- **Directions**
Starting at the first line of the entries below, please return exactly each line up to and including the one with "测试人员。外科医生需要大量合"; pictures stay out.

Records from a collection
BEGIN

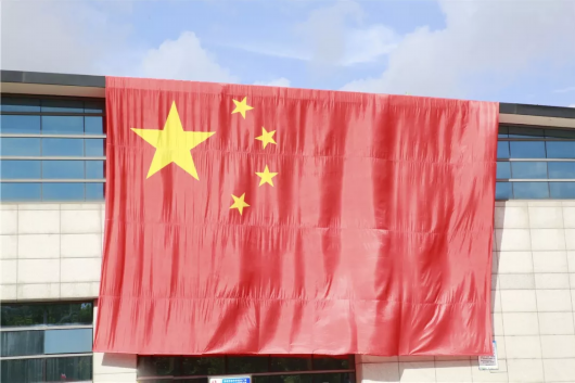巨幅国旗从屋顶落下,这一幕将现场氛围推向高潮,人们高声合唱着:“我和我的祖国,一刻也不能分割。”他们用歌声表达自己心中对祖国的热爱。
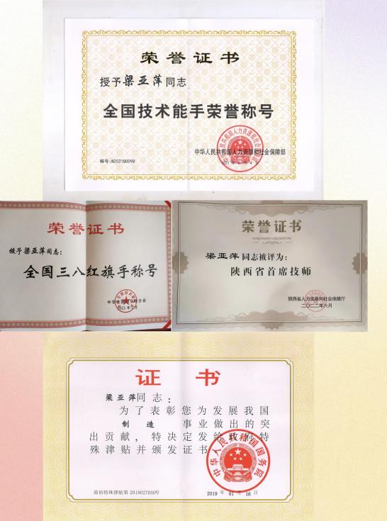 她获得的荣誉不胜枚举,包括“全国三八红旗手”“陕西省首席技师”“三秦质量工匠”等等。
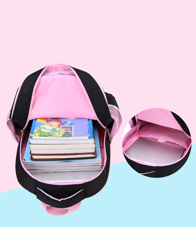 girl school bag cute black pink PU leather school waterproof backpack
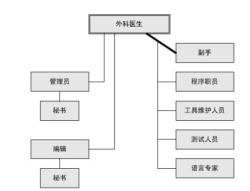 测试人员。外科医生需要大量合适的测试用例,用来对他所编写的工作片段,以及对整个工作进行测试。因此,测试人员既是为他的各个功能设计系统测试用例的对头,同时也是为他的日常调试设计测试数据的助手。他还负责计划测试的步骤和为测试搭建测试平台。
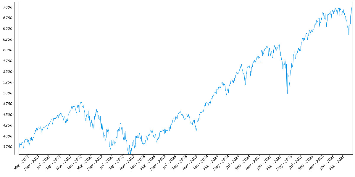 The following graph sets forth the daily historical performance of the SPX in the period from January 2, 2021 through the pricing date. We obtained this historical data from Bloomberg L.P. We have not independently verified the accuracy or completeness of the information obtained from Bloomberg L.P. On the pricing date, the closing level of the SPX was 7,109.14.
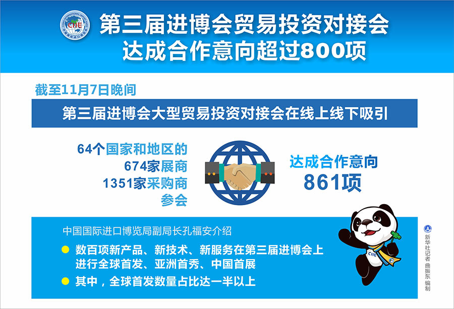 新華社上海11月8日電(記者周蕊、于佳欣)記者8日從第三屆中國國際進(jìn)口博覽會展中新聞通氣會上了解到,截至7日晚間,第三屆進(jìn)博會大型貿(mào)易投資對接會在線上線下吸引64個國家和地區(qū)的674家展商、1351家采購商參會,達(dá)成合作意向861項(xiàng)。
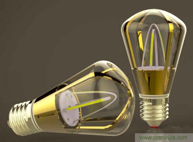今天的LED燈絲燈已經(jīng)可以做到像白熾燈一樣調(diào)光,而且無頻閃,量產(chǎn)水平普遍達(dá)到5瓦,最近顏重光高工又對LED燈絲燈做出了重大的設(shè)計創(chuàng)新,LED燈絲做在鋁基板上,不充氣,PC外罩下面配一圈鋁散熱器,色溫穩(wěn)定性做得比現(xiàn)有產(chǎn)品還要好,而且外觀極其華麗奪目,很像一款藝術(shù)品,連我看了都有了購買的沖動。
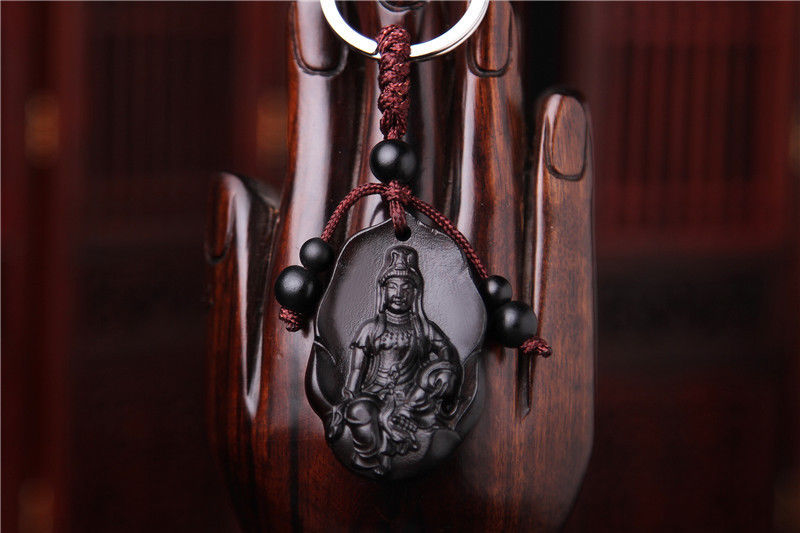 Title (ebay affiliate link): Ebony Wood Carving Chinese Kwan Yin Lotus Statue Sculpture Pendant Key Chain
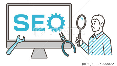 webマーケティング戦略としてSEOの分析・対策を行うビジネスマン【ベクターイラスト素材】
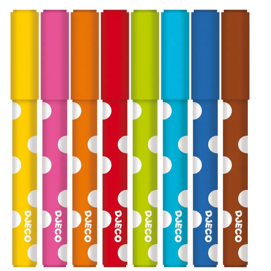 Tykke tuscher for de små , der er gode at holde om, og som nemt kan vaskes af huden, hvis de får tegnet på sig selv.
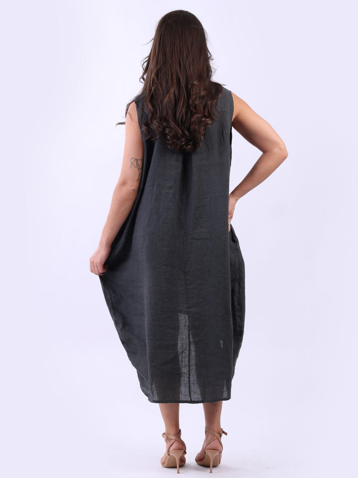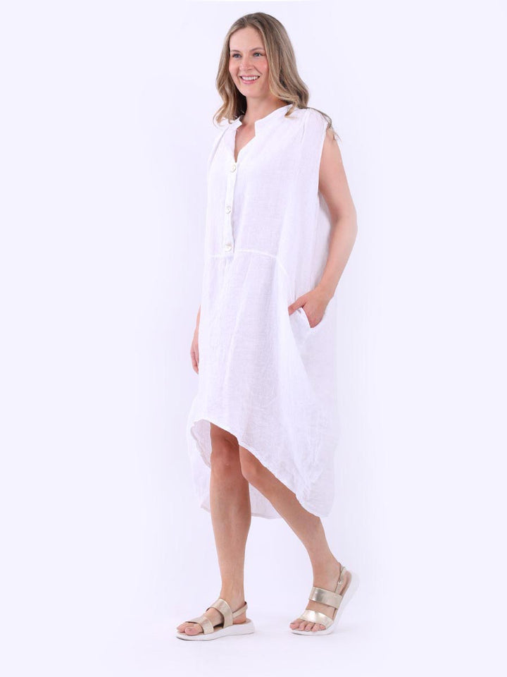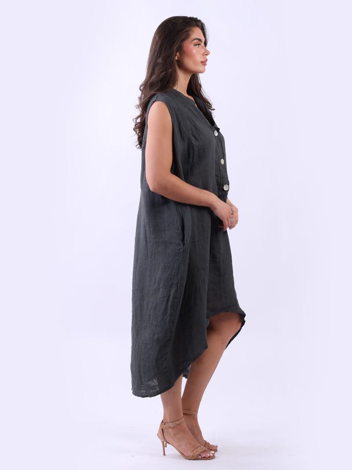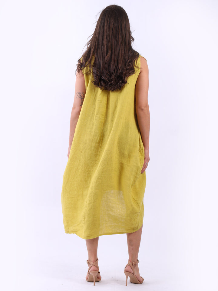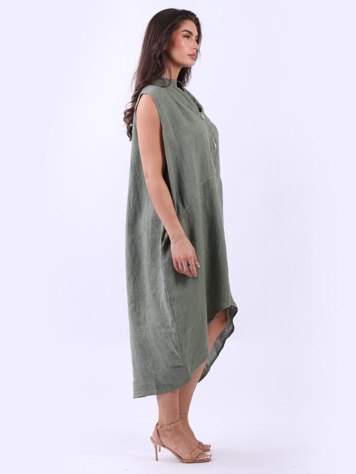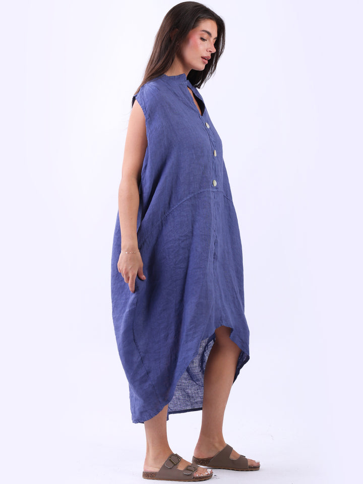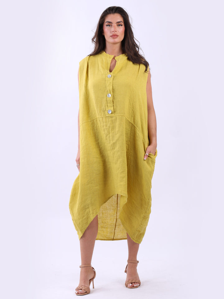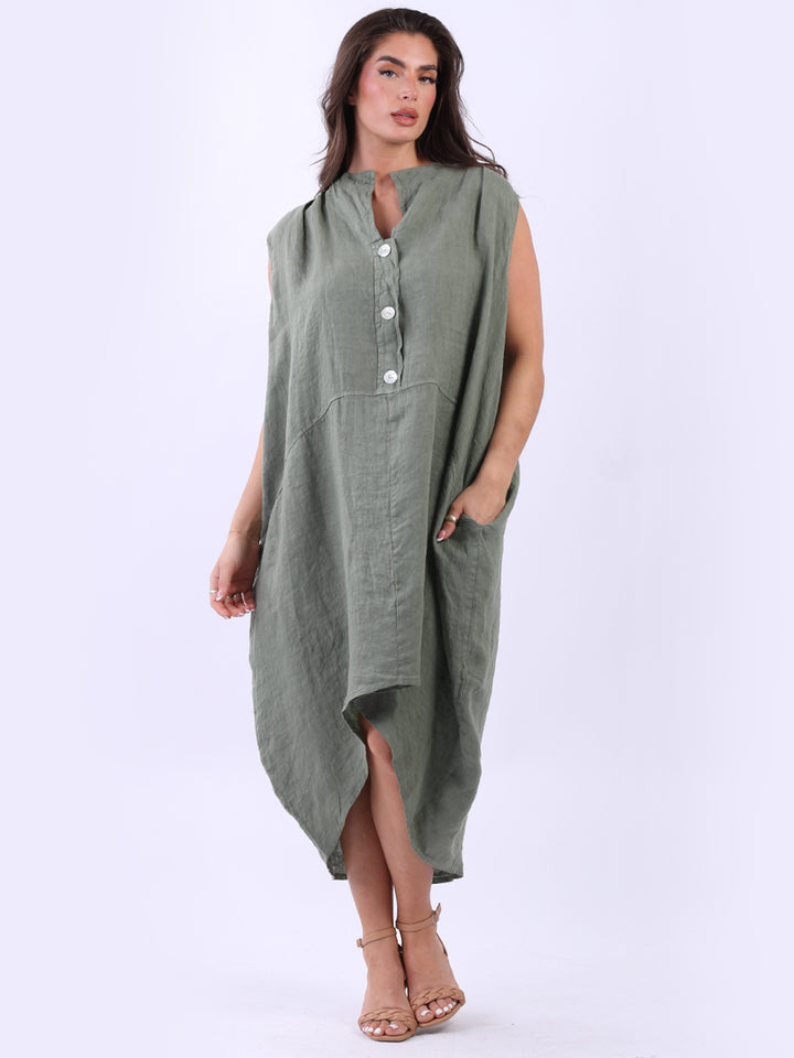 Embrace the classic Italian fashion with this elegant linen sleeveless plain dress, designed in a plus size lagenlook fit. It exudes a laid-back vibe with front button placket and its relaxed fit. Seamless side pockets add a functional touch to its sophisticated look. Style it with sneakers to slay the next outdoor adventure.

END

- **Problem solution**
巨幅国旗从屋顶落下,这一幕将现场氛围推向高潮,人们高声合唱着:“我和我的祖国,一刻也不能分割。”他们用歌声表达自己心中对祖国的热爱。
 她获得的荣誉不胜枚举,包括“全国三八红旗手”“陕西省首席技师”“三秦质量工匠”等等。
 girl school bag cute black pink PU leather school waterproof backpack
 测试人员。外科医生需要大量合适的测试用例,用来对他所编写的工作片段,以及对整个工作进行测试。因此,测试人员既是为他的各个功能设计系统测试用例的对头,同时也是为他的日常调试设计测试数据的助手。他还负责计划测试的步骤和为测试搭建测试平台。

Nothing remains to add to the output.